The G4 string at the 5th fret is attached to the neck with a copper peg.  The string feeds over a piece of nylon washer shaped to fit into a hole drilled behind the fifth fret. The out-hanging nylon has a grove cut into it to align the string at its proper spacing and to head it in the right direction over the fretboard.
 
G4 String Peg

I used five old guitar tuners for the rear mounted adjustments. There was difficulty bringing the strings straight down off the back of the soundboard. I went through a couple of versions of transition bridges before I settled on making one out of Plexiglas. The Plexiglas was heated and formed to the shape and then drilled at the angle the string would take to its tuner. This method relieved a lot of string sheering tension.


Rear Tuners





















What to do for fret inlays? My fretboard is 1/8th inch thick. This limited me to what I could use. While trolling the Ace Hardware store I came upon a tray of nylon washers where I found some that were 1/8 x 3/8 inch in size. I picked up a tube of liquid metal to fill in the centers after the mounting glue had dried. My black felt tip marker did the rest.

Fret Inlays

The soundboard is a single layer of 3.5 ounce carbon fiber twill fabric. The soundboard also forms the initial cover for the neck. There was concern about not having a means of stretching the soundboard, as is done for conventionally covered banjo jugs. Naturally, once cured the carbon fiber is not going to stretch, so the concern was fruitless. The soundboard was resin attached to the level sanded jug and neck. It is going to be what it is. A couple of bridges were tried before settling on the one shown. The height of the bridge is important in creating the necessary gap between the frets and the strings. I turns out that even though the soundboard doesn't stretch, it does concave under pressure. Three pieces of carbon arrow shafts were glassed into the ring before the soundboard was attached.
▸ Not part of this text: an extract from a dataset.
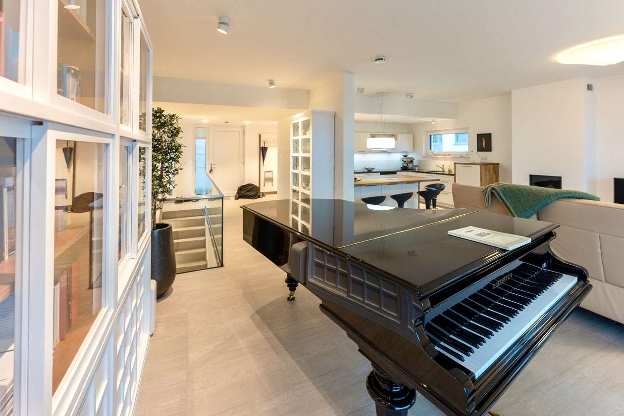 Die lichterfüllten Räumlichkeiten erstrecken sich auf rund 163 qm Wohnfläche. Großzügige Fensterfronten, fließende Übergänge zwischen den Wohnbereichen und ein harmonisch abgestimmtes Lichtdesign verleihen dem Erdgeschoss seine unverwechselbare Atmosphäre. Wohnen, Kochen und Essen interpretiert auf höchstem Niveau verschmelzen zu einem offenen Lebensraum mit Galeriecharakter. Eine sonnige Dachterrasse mit Blick auf den Schmachter See erweitert den Wohnbereich nach außen und fügt sich nahtlos in das architektonische Gesamtkonzept ein.
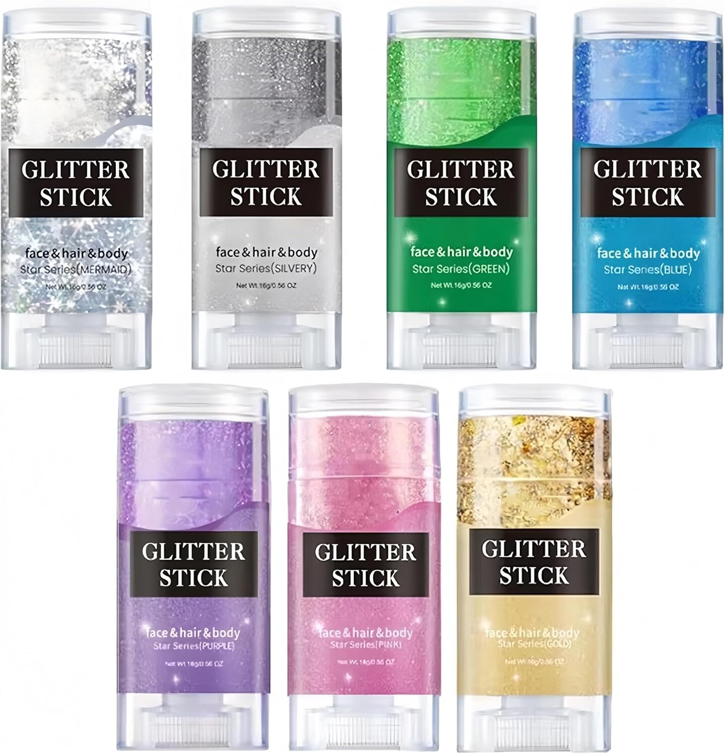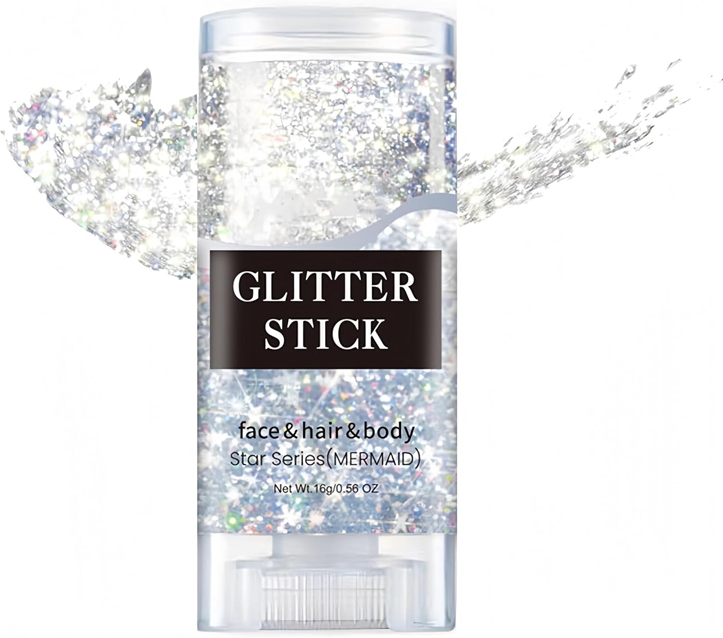 11-Color Holographic Mermaid Glitter Stick – Chunky Face & Body Glitter Gel for Hair, Eyes, Lips | Music Festival, Concert, Rave & Party Makeup

The purpose of the shafts is to maintain the circular shape when the ring is put under the tremendous warping tension when the strings are tightened. This they do well. What wasn't initially thought of was the fact that the string tension would tend to pull the bottom edge of the ring away to the rear. This created a desire for the soundboard to wrinkle and thus lower the resting plane of the bridge. A strip of brass and a turnbuckle to the rescue. These were added to the bottom of the ring to counter the motion of the bottom of the ring. The turnbuckle, although not pleasant to look at, provides the correct amount of adjust ability to the counter-tension. The bridge once again rides where it should in relation to the frets; 5/8th inch is a standard height.

Counter Tension Devices




Finished Banjo
 
The sounds are very bright and projecting. The bridge adjusted to a slight cant as a result of adjusting from the 12th fret for octave intonation. I was gifted a set of finger picks and I have been practicing different rolls. It will be sometime before I go on stage. The neck dimensions were taken from a quality commercial banjo. A strong drawback I have discovered is the strings have too narrow a spacing for my large fingers. Even when I bring my hand to a vertical angle over the strings, I still am unable to press on one without bumping into the neighbor with the pad of the finger. It may just be too new an experience. However, version Beta II will have more gap between strings.